Ian Kershaw doet in zijn overigens
uitstekende biografie min of meer hetzelfde wanneer hij Hitler’s jeugd
beschrijft. Iets te vaak wekt hij de indruk dat Hitlers hele leven een
omslagpunt was, dat van meet af aan alle kenmerken van de latere dictator
aanwezig waren. In die context verklaart hij te vaak onbeduidende voorvallen
tot sleutelfeiten. De eerste helft van Hitlers leven verliep feitelijk
ongedenkwaardig en was nauwelijks interessant. Er moeten duizenden,
tíenduizenden mensen zijn geweest die zo’n zelfde soort leven leefden en die
allemaal niet tot
een dictator uitgroeiden. En wat betreft Hitlers denkbeelden: stuitend is toch
vooral zijn gebrek aan visie en het Volksempfinden dat er voor in de plaats
komt. Hij was de ideale vertolker van dat Volksempfinden door zijn eigen innerlijke
leegte en zijn behoefte ergens bij te horen. In het door en door vernederde
Duitsland van de Weimarrepubliek kon Hitler het met zijn talent voor demagogie
ver brengen; zijn remedies waren verleidelijk simpel en zijn retoriek simpelweg
verleidelijk.

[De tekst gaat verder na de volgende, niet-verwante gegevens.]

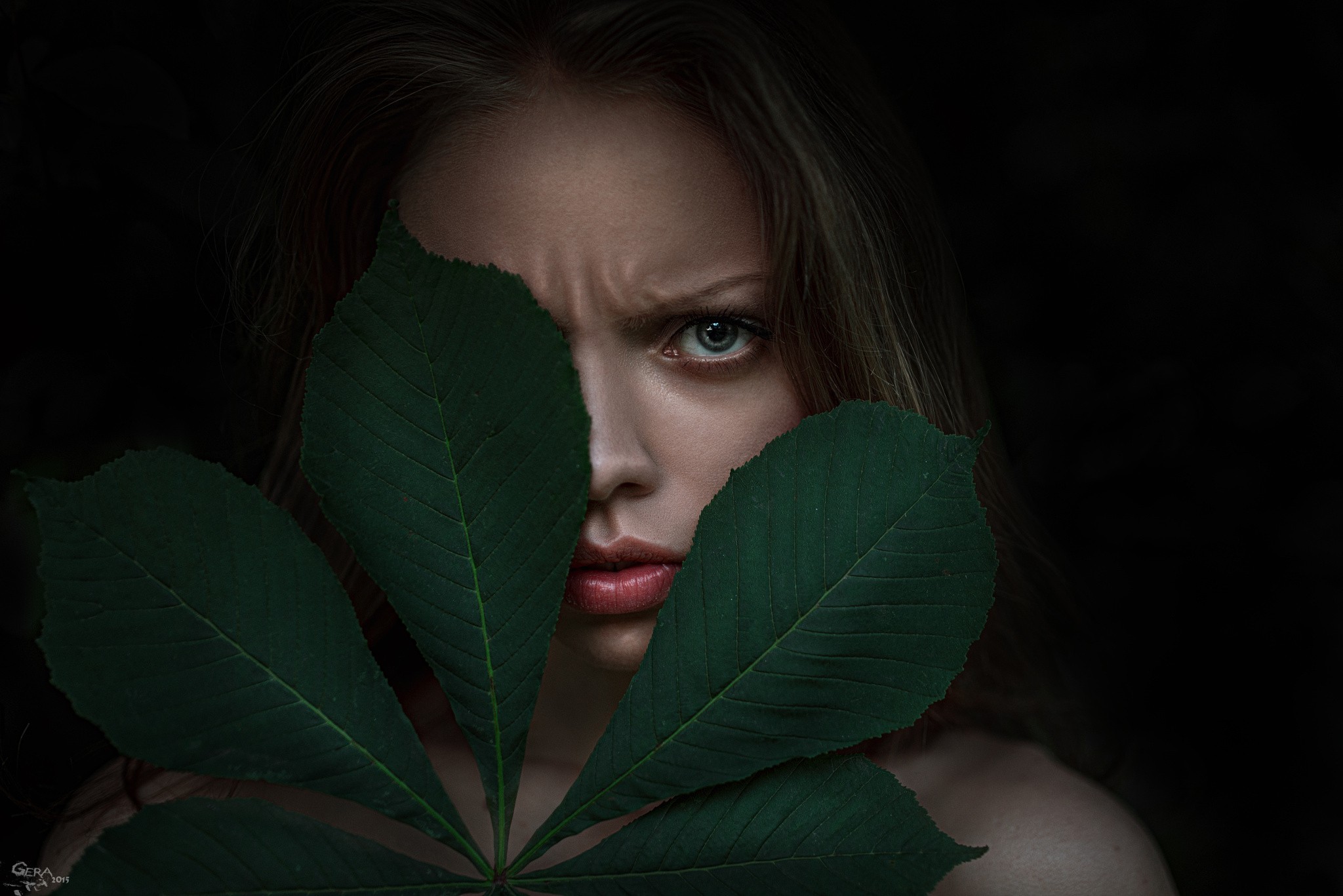 Девушка прикрыла лицо листьями каштана - 2048x1367

Hij was een roofdier dat zijn kans greep, maar van een
aangeboren kwaadaardigheid is, zo
min als bij roofdieren, geen sprake. Wie Hitlers jeugdfoto bekijkt en daarin
reeds het sluimerende kwaad ziet doet wat de filmkijker van hierboven doet: hij
handelt met voorkennis. Het is kijken met terugwerkende kracht. Het is enkel
met die terugwerkende kracht dat Hitler kon uitgroeien tot het
spreekwoordelijke kwaad, de primus inter pares onder de tirannen.